Hay regalos que llegan adelantados y que son, también, inesperados.
En mi ciudad anclada en medio de los andes, leyendo los diarios, lamentaba no poder asistir a esos –cada vez- más frecuentes conciertos que sacuden Lima. A algunos he ido pues sería un sacrilegio pasarlos por alto (
Metallica), otros no me mueven un pelo (Arjona, Beyonce y demás animalejos por el estilo) y los más hubiera ido sino fuera por las 20 horas y la vida en juego que supone un viaje por tierra a Lima o los 160 dólares más impuestos del pasaje aéreo.
En esas estaba, lamentando no poder asistir al concierto que daría Joaquín Sabina en Lima, cuando mi compañera de siempre me sorprende mostrándome dos entradas en zona VIP como regalo adelantado del día del padre. Sin pensarlo mucho, hacemos maletas y, por una enfermedad inesperada, llevamos a la pequeña Mikaela a visitar a sus abuelos a la malhadada capital.
Había tenido la suerte de ver a Sabina hace muchos años en la Universidad Católica, cuando llegó de gira con Pablo Milanés y aun no era muy conocido por estos lares, por eso sabía que iba a ser una noche muy especial. Pero de eso había pasado ya mucho tiempo y mucha agua había corrido bajo el puente. Entre ellos, la edición de varios discos fundamentales de Sabina
(“Yo, mi, me, contigo”, “19 días y 500 noches”, entre otros) y una crisis de salud que casi se lo lleva por delante, obligándolo a bajar revoluciones, cigarrillos, trago y sustancias de dudosa procedencia.

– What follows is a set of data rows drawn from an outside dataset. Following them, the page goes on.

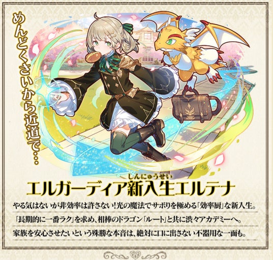 さらに、本イベント開始と同時に、レアガチャ「エルガーディア魔法剣術アカデミー エルテナ」が登場。ピックアップキャラクターとして、「エルガーディア新入生エルテナ」がラインナップしています。
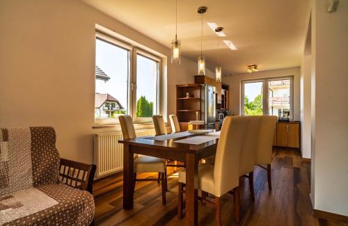 Offering a garden, Morze Apartamentów Nadmorski Azyl provides accommodations in Ostrowo. Private parking is available on site at this recently renovated property. On clear days, guests can head outside to enjoy the vacation home's outdoor fireplace or simply kick back and relax. Providing a terrace and garden views, the vacation home includes 3 bedrooms, a living room, flat-screen TV, an equipped kitchen, and 2 bathrooms with a bath and a shower. For added privacy, the accommodation features a private entrance. Ostrowo Beach is a 13-minute walk from the vacation home, while Gdynia Harbour is 29 miles away. Gdańsk Lech Wałęsa Airport is 42 miles from the property.
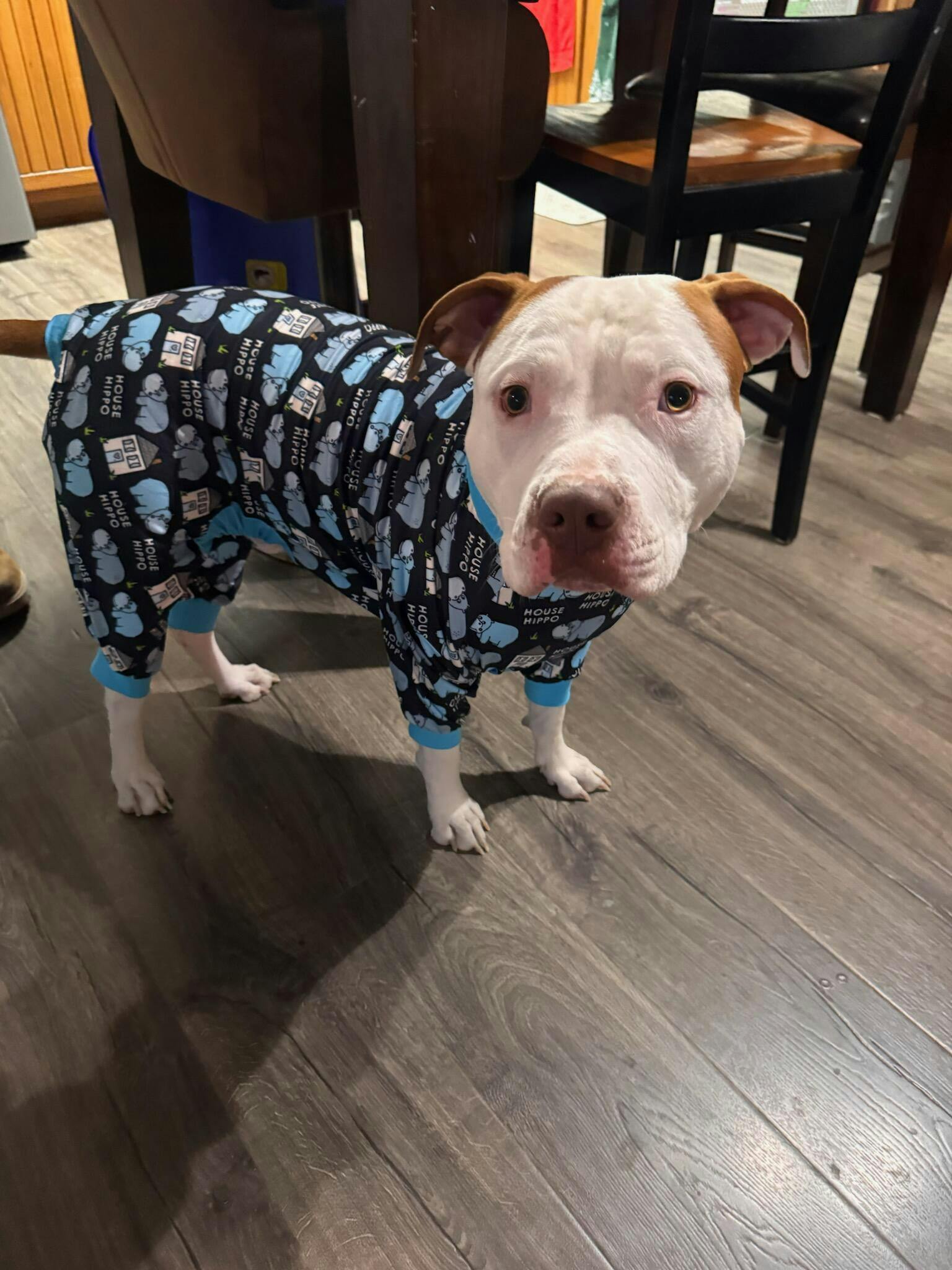 She’s so cute. My white pit enjoys her pjs. She is comfortable and adorable all at the same time.
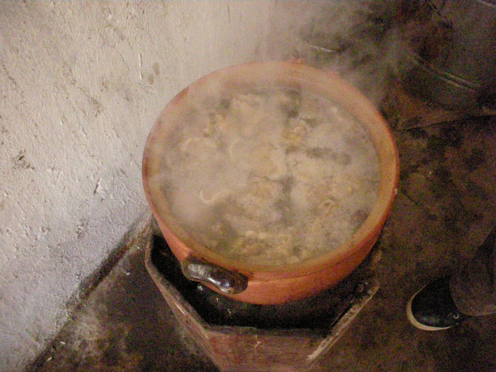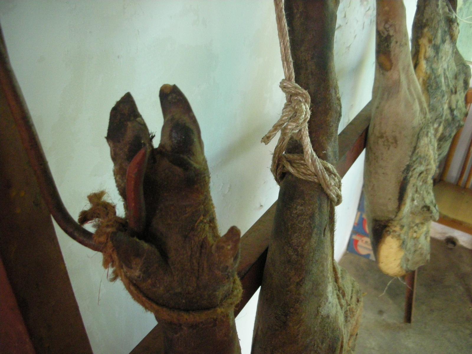(豚の後脚に塩を塗りつけて、自家製の生ハム作りしていました。)
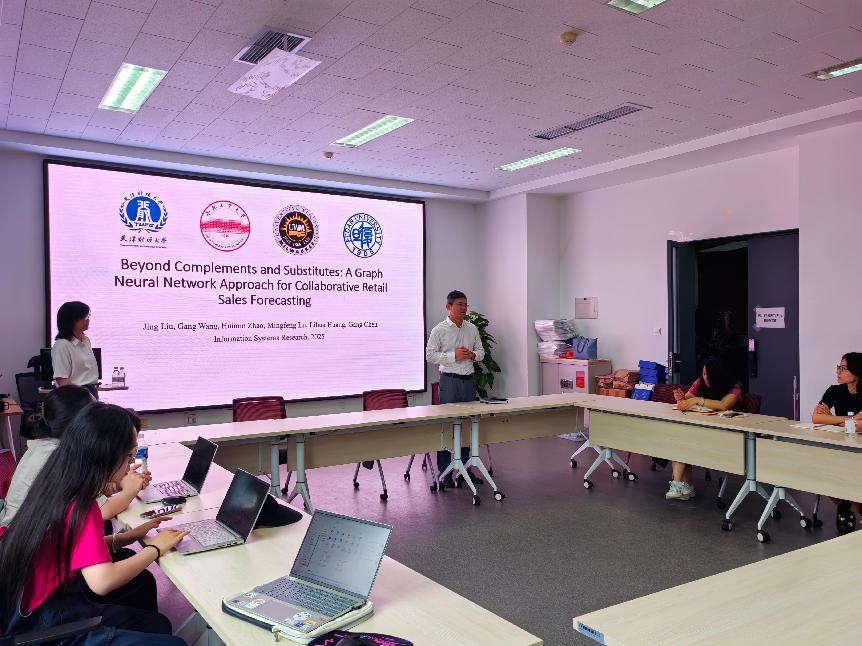 特邀管理科学与工程学院刘婧副教授作题为“数智化情境下产品关系赋能的零售销量预测”的学术研讨,此次研讨围绕深度学习方法与领域问题交叉研究范式和UTD24期刊发表论文经验分享展开。交流会由腐漫画
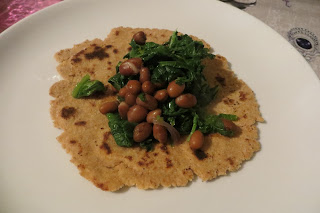 per la piadina: 125 gr farina di farro appena macinata, 25 gr olio extravergine d’oliva, 1/4 di bicchiere d’acqua, 1 pizzico di sale integrale.
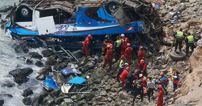 El vehículo cayó a un abismo tras chocar con un tráiler frente a la costa en el Pacífico
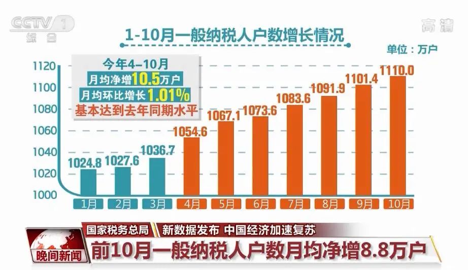 全国一般纳税人户数月均净增8.8万户,月均环比增长0.86%,实现稳定增长。特别是二季度以来,随着生产秩序有序恢复,一般纳税人户数月均净增10.5万户,月均环比增长1.01%,基本达到去年同期水平。
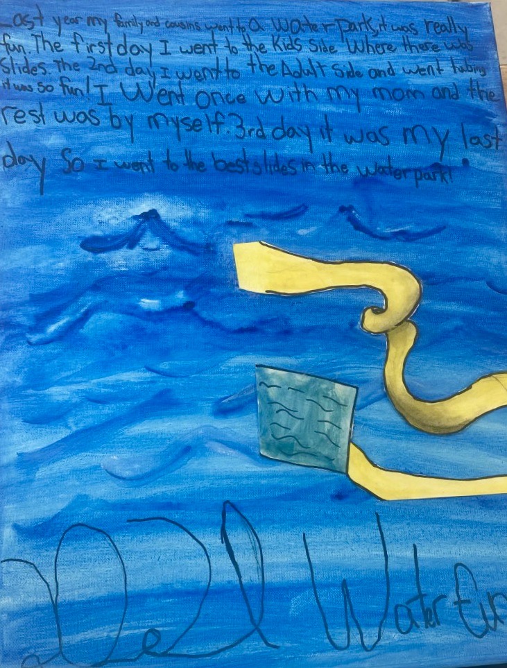 It’s a painting of a waterpark. I chose the waterpark because I love the color and it’s so natural and pretty. For the viewers I want them to go there and have some fun and happiness. I went to the water park before and I saw so many slides and THE POOL WAS SO CLEAR AND WARM I LOVED IT. I almost went on all the slides before they closed the water park down. That’s why I chose this subject.
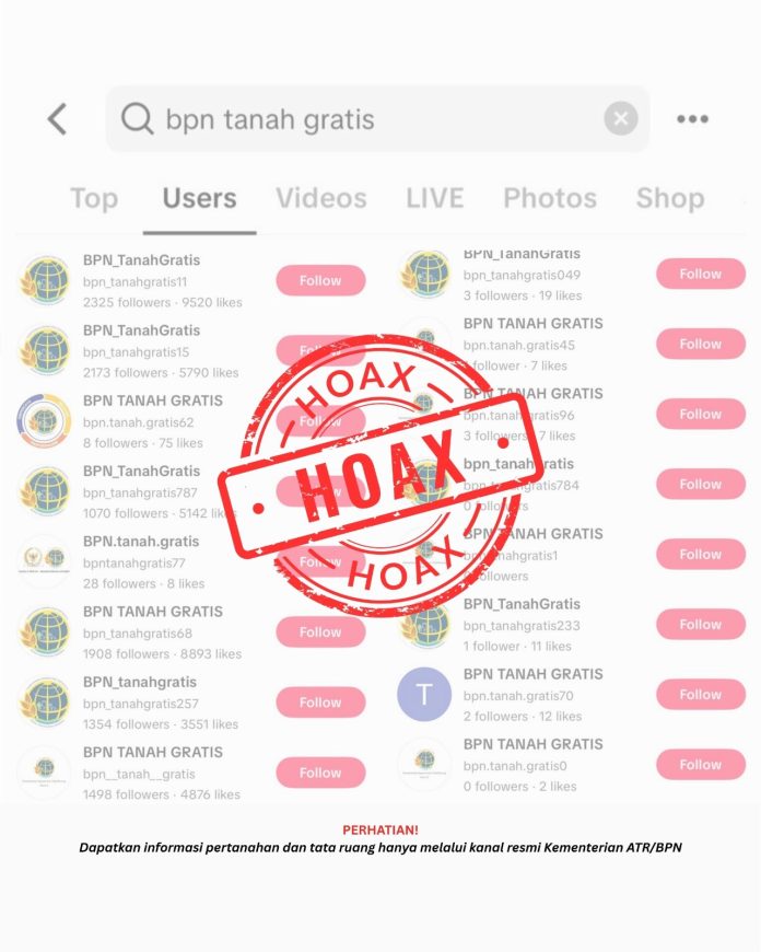 Kepala Biro Hubungan Masyarakat (Humas) dan Protokol, Harison Mocodompis, menyampaikan agar masyarakat berhati-hati terhadap akun media sosial yang tidak jelas sumbernya. “Kami melihat banyak sekali akun TikTok @bpn_tanahgratis beredar. Untuk itu, masyarakat diimbau untuk tidak terpengaruh dengan akun media sosial tidak resmi yang menyebarkan klaim seperti ‘BPN Tanah Gratis’. Informasi dan layanan resmi hanya dapat diperoleh melalui kanal resmi Kementerian, yakni situs atrbpn.go.id dan akun media sosial resmi kami,” tegasnya saat ditemui di Kantor Kementerian ATR/BPN, Jakarta, Selasa (19/08/2025).

La noche prometía y aunque el Jockey Plaza era un hormiguero de pituquería limeña, uno se emociona hasta el tuétano cuando ingresa a la pequeña explanada y ve el escenario dispuesto para ser motivo de comunión con uno de los ídolos musicales de mi vida universitaria, y, desde entonces, del resto de vida que me quede.

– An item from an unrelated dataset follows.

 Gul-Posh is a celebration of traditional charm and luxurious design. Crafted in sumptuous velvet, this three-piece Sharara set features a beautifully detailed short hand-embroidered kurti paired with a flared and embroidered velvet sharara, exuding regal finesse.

El frío limeño estaba más agresivo que de costumbre y alrededor de las 9:30 de la noche, Joaquín Sabina enfundado en su típico traje negro y su sombrero bombín, arrancó a su guitarra los primeros acordes de
“Tiramisú de Limón”, el primer single de su último disco
“Vinagre y Rosas”.
“Buenas noches, Lima, este no será un concierto cualquiera, porque esta no es una ciudad cualquiera”. Así iniciaba la pelea el viejo Joaquín en lo que sería la última presentación que cerraría su gira latinoamericana del 2010.
Durante casi tres horas Joaquín Sabina hizo un repaso –apretado- a lo mejor de su –extenso- repertorio. Poco a poco la gente se fue contagiando de la nicotina de sus versos y la noche se fue presentando redonda. No faltaron los clásicos (
“Aves de paso”, “Contigo”, “Y sin embargo” “Peor para el sol” “Calle melancolía”) y las nuevas canciones de los últimos discos. Confeso admirador de
Bryce y de las noches limeñas, Sabina estuvo con sus dos jóvenes hijas (
Carmela y Rocío, a quienes dedicó
“La del pirata cojo”) y su novia
Jimena, a la que cantó
“Rosa de Lima”. Con sus compinches musicales y amigos de toda la vida,
Pancho Verona y
Antonio García de Diego, acompañados por otros músicos sobresalientes, Sabina regaló una noche inolvidable a todos los que allí nos congregamos buscando reencontrarnos con aquel flaco de voz aguardentosa y resaqueada, que con sus canciones nos acompañaba –y lo sigue haciendo hasta ahora- y nos hacía enamorarnos de la noche y sus excesos.
“Princesa” fue el climax de la noche, con toda la gente cantando y gritando aquello de que:
“Ahora es demasiado tarde, princesa / búscate otro perro que te ladre, princesa”.
Grande Sabina, maestro de los versos sucios, las mujeres fáciles y las canciones inolvidables.